Die Nachtigallen sind auch schon da, überall in Berlin, wo es Wasser gibt, und natürlich auch hier im Tiergarten. Ab Mai werden nächtliche Nachtigallen-Führungen angeboten. Berlin hat mehr Nachtigallen als ganz Bayern, und ihr Gesang ist hier besonders kräftig, weil er sich gegen die Stadtgeräusche durchsetzen muss.

City West

Hinter dem Zoo, an der Tiergartenschleuse, hat sich eine kleine Zeltstadt unter der ICE-Trasse etabliert. In der Frühlingssonne wirkt sie wie ein lässiger Campingplatz, doch es sind obdachlose Polen, die froh sind, dass sie unbehelligt von Polizei und Bahnern hier wohnen können. Noch werden sie geduldet, das Problem ist, dass es immer mehr werden. Ein Stofftier-Bär mit Sonnenbrille und Hertha-Kutte bittet um eine Spende. Nur ein paar Meter weiter beginnt die schicke City West. Die Cabrios haben die Verdecke heruntergeklappt, die Blondinen ihre Sonnenbrillen aufgesetzt. Höchste Zeit für den ersten Aperol Spritz. Auf dem Breitscheidplatz an der Gedächtniskirche stehen um zwölf Uhr mittags schon die Biere auf dem Tisch. Jahrmarktsstimmung: Bier, Broiler, Bratwurst. Schlagermusik brandet über den Platz. Der ehemals feine Berliner Westen verkauft hier seine Seele. Die Buden und Karussells sollen eigentlich verschwinden, doch offenbar gibt es immer wieder neue Gründe für weitere Genehmigungen.

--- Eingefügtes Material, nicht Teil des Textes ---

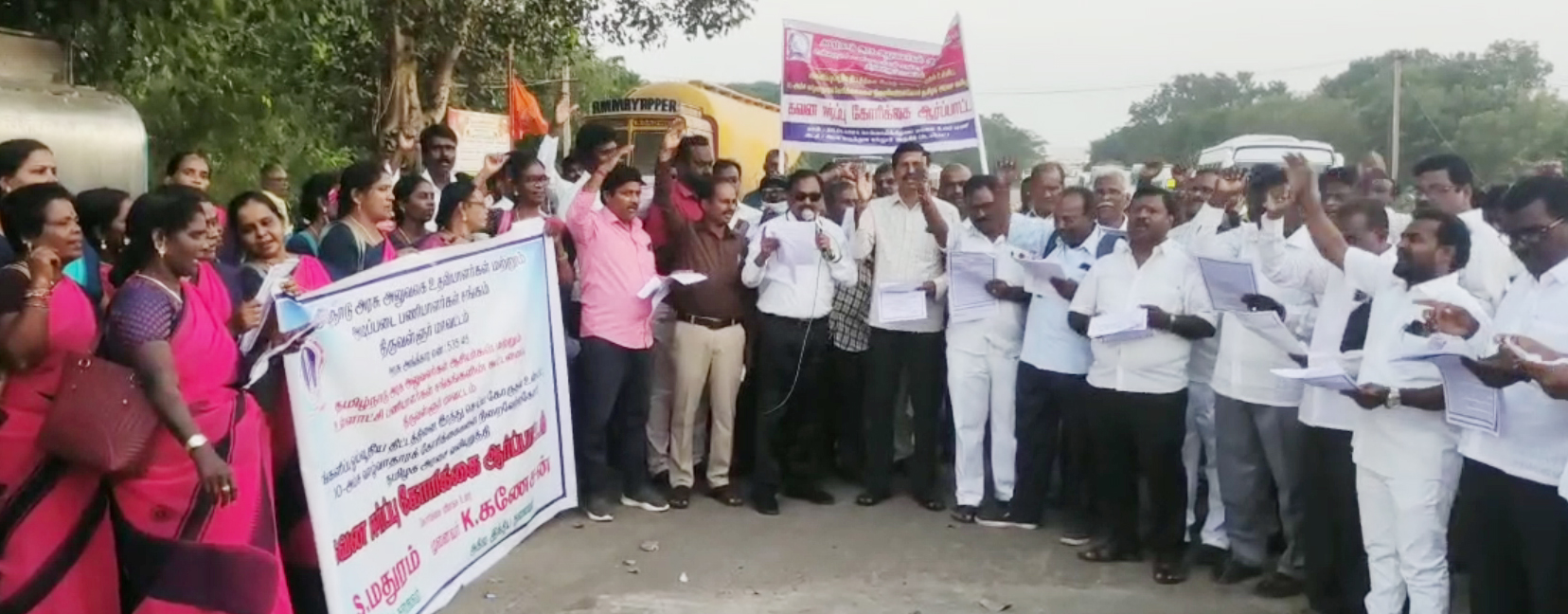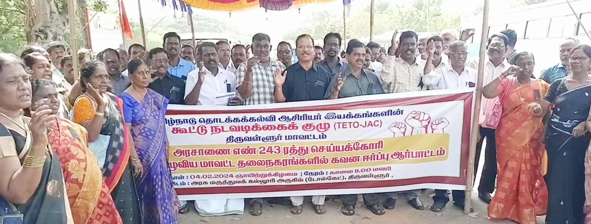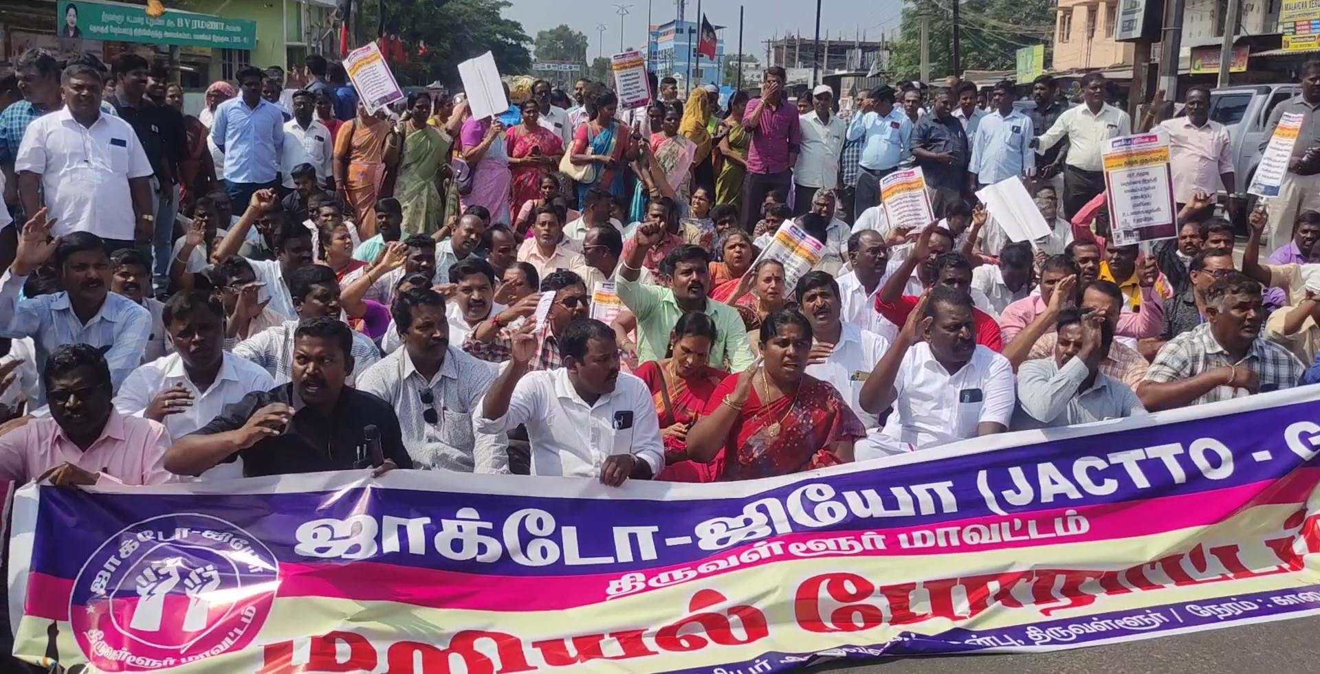 ஜாக்டோ ஜியோ சார்பில் பல்வேறு கோரிக்கைகளை வலியுறுத்தி திருவள்ளூர் மாவட்ட கலெக்டர் அலுவலகம் எதிரில் ஆர்பாபாட்டம் மற்றும் சாலை மறியல் போராட்டம் :
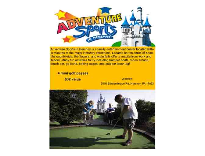 Includes 4 passes for mini golf at Adventure Sports in Hershey.
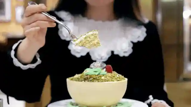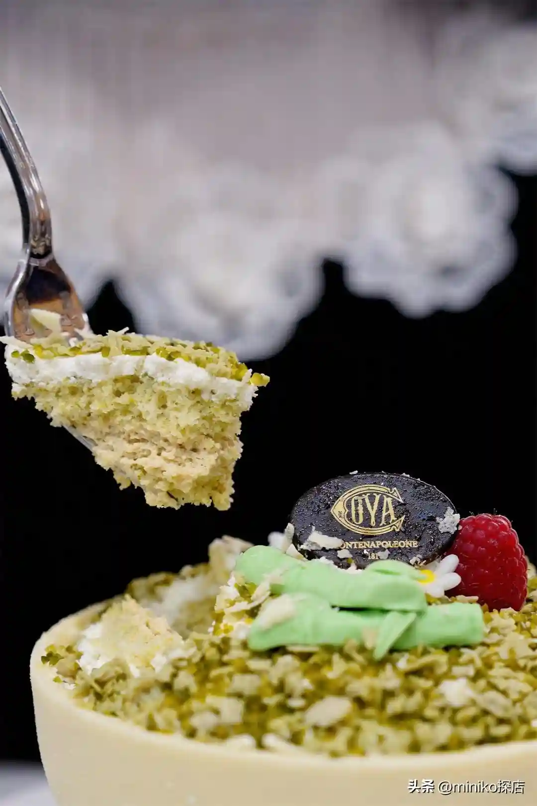 内里是开心果提拉米苏,无比惊艳,轻舀,蛋糕松软到像会呼吸一般。
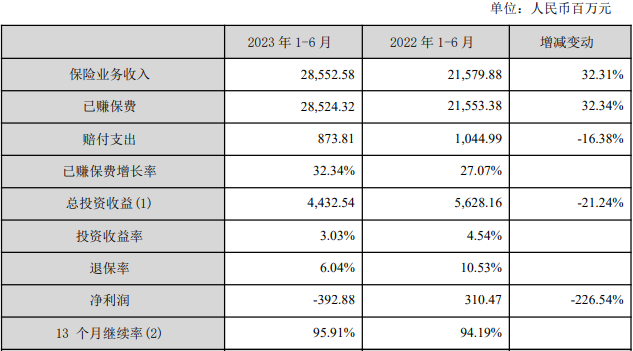 2023年上半年,国华人寿保险业务收入为285.53亿元,同比增长32.31%;已赚保费为285.24亿元,同比增长32.34%;原保险保费收入为283.77亿元,同比增长32.69%;赔付支出8.74亿元,同比下降16.38%;净利润为-3.93亿元,同比下降226.54%;退保率为6.04%,上年同期为10.53%;13个月继续率为95.91%,上年同期为94.19%。
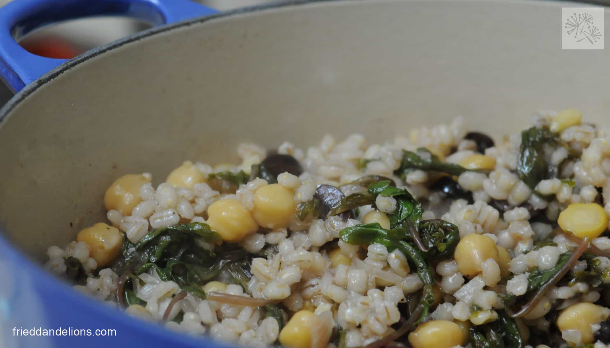 When barley is mostly cooked (within a minute or two of being done) add the kale on top and give it a quick stir. Cover again and let sit for about 5 minutes, allowing the kale to wilt. It will seem like you have WAY too much, but you don’t. Remove lid and add the garbanzo mixture. Pour the dressing on top and give it a good stir. Allow it to cook for about 5 more minutes over low heat allowing all of the flavors to meld together.
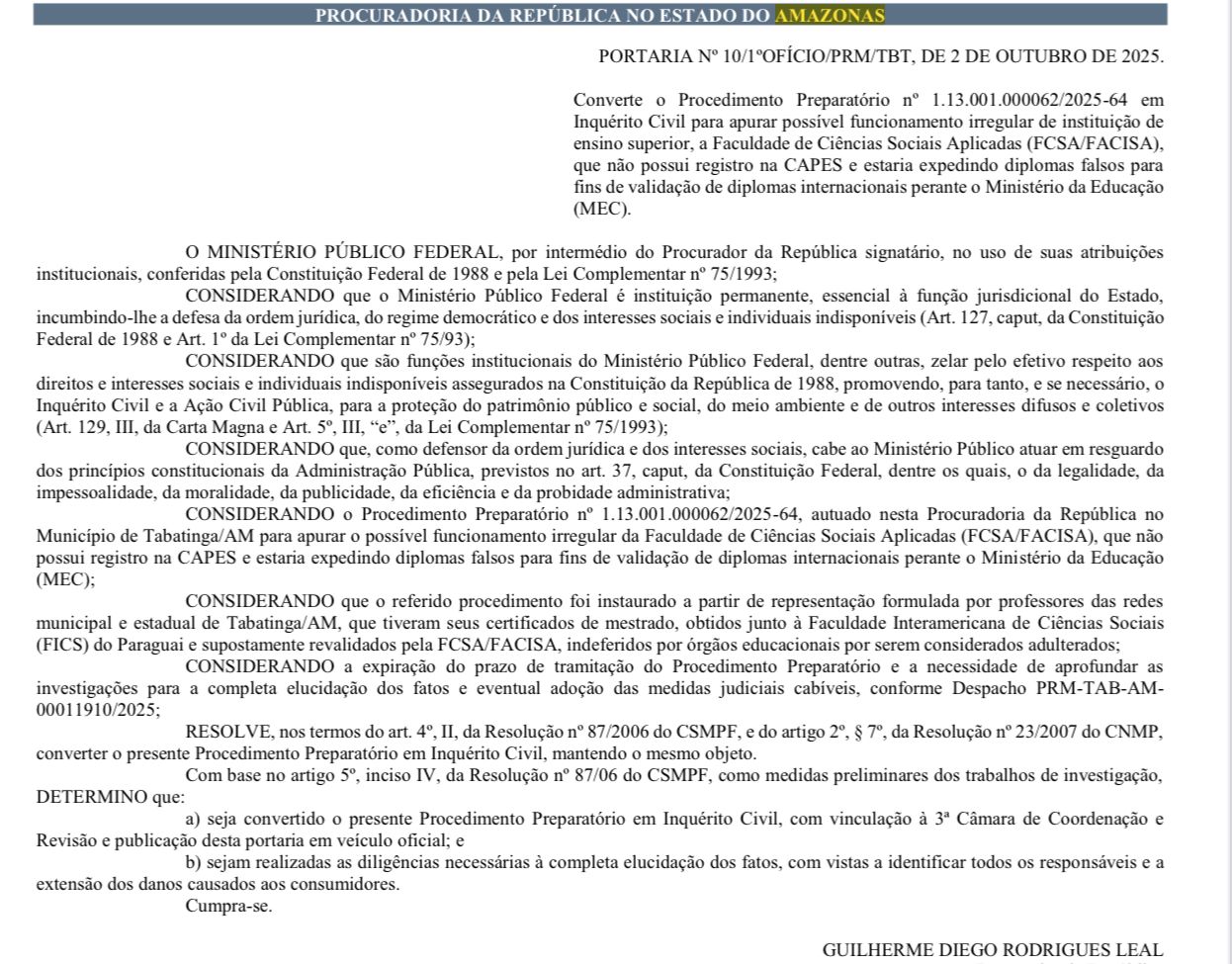 O Ministério Público Federal (MPF) instaurou um Inquérito Civil para investigar possíveis irregularidades na Faculdade de Ciências Sociais Aplicadas (FCSA/FACISA), localizada em Tabatinga, no Amazonas. A instituição de ensino não teria registro no CAPES e estaria emitindo diplomas falsos para fins de validação de certificados internacionais junto ao Ministério da Educação (MEC). A medida foi assinada pelo procurador da República, Guilherme Diego Rodrigues Leal.
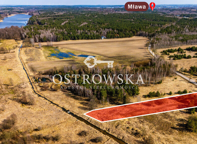 ✔ rzeka Mławka wzdłuż działki – naturalny klimat i prywatność
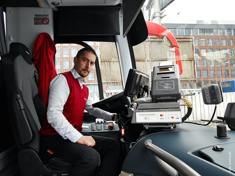 Cestujúci Slovak Lines na linke Bratislava - Viedeň si môžu kúpiť lístko komfortne u vodiča prostredníctvom platobnej karty.
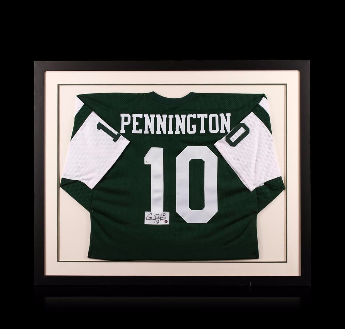 Chad Pennington Framed Autographed Jersey. Comes with Certificate of Authenticity.
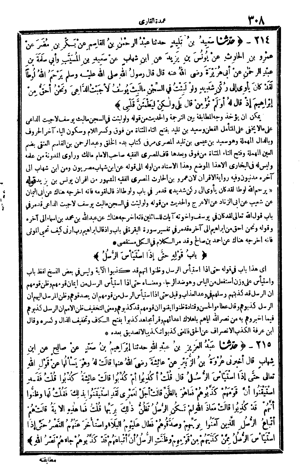 - (بابُ قَوْلِهِ: {حتَّى إذَا اسْتَيْأسَ الرُّسُلُ} (يُوسُف: 110) 2.
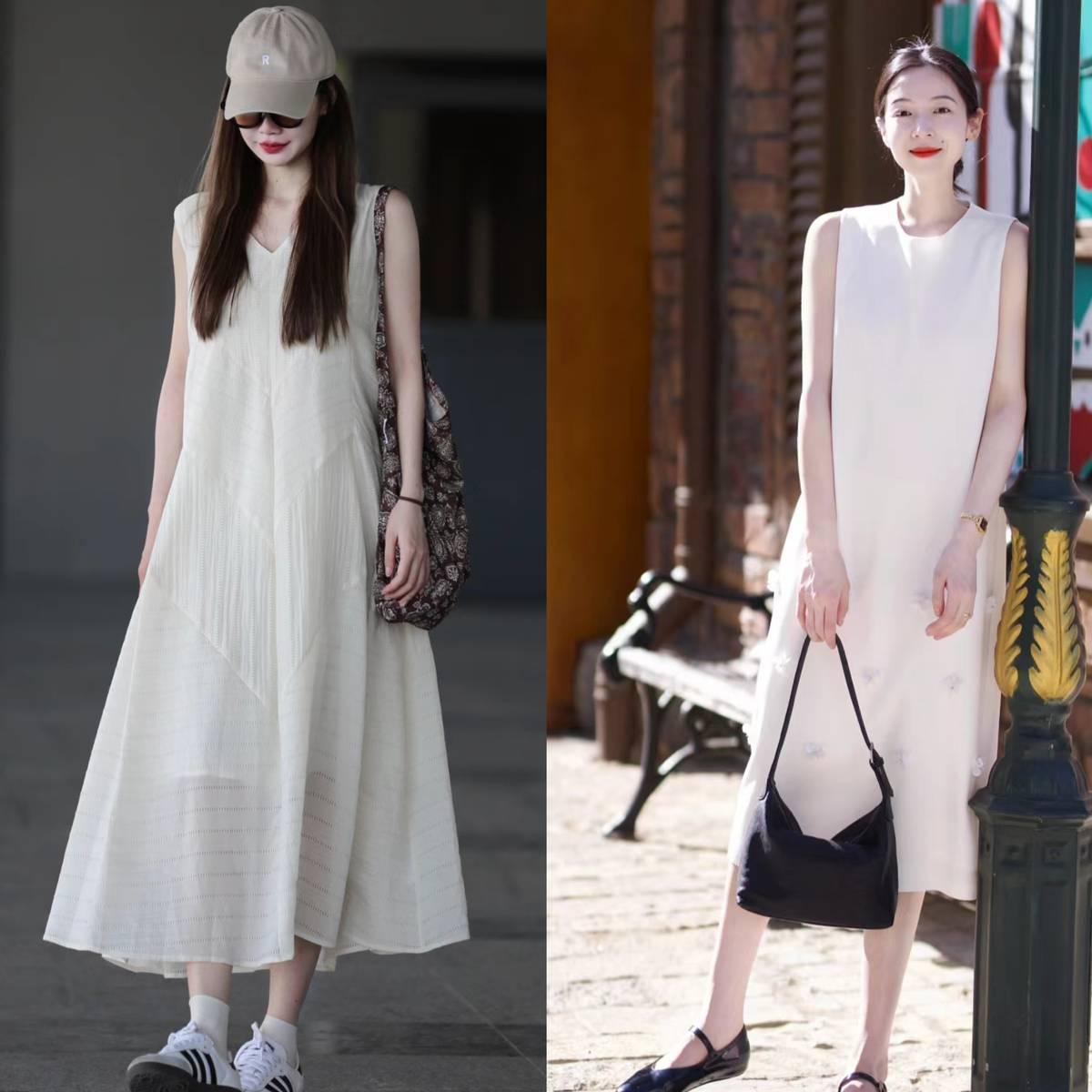 譬如下面這組穿搭對比圖。同樣是白色連衣裙,同樣是無袖款式,卻因爲搭配的包包不同,演繹出不一樣的魅力。

In der Kantstraße vor der Paris Bar sitzt noch niemand. Wer aber sitzt vor dem Schwarzen Café? Helge Schneider. Tach, Helge! „Ja, bin grad in Berlin“, sagt er. „Weißte, wo ich jetzt gern wäre? In Mülheim an der Ruhr, beim Rudern. Ich fahr gleich mal an die Spree und guck, wie das Wasser da so ist.“ Seine Tochter zupft schon an der Jacke: „Komm, Papa!“

Wie Helge Schneider werden es wohl viele machen. An diesem Sonnabend soll es 22 Grad warm werden. Wannsee und Müggelsee sind allerdings mit 10 Grad noch sehr frisch zum Baden.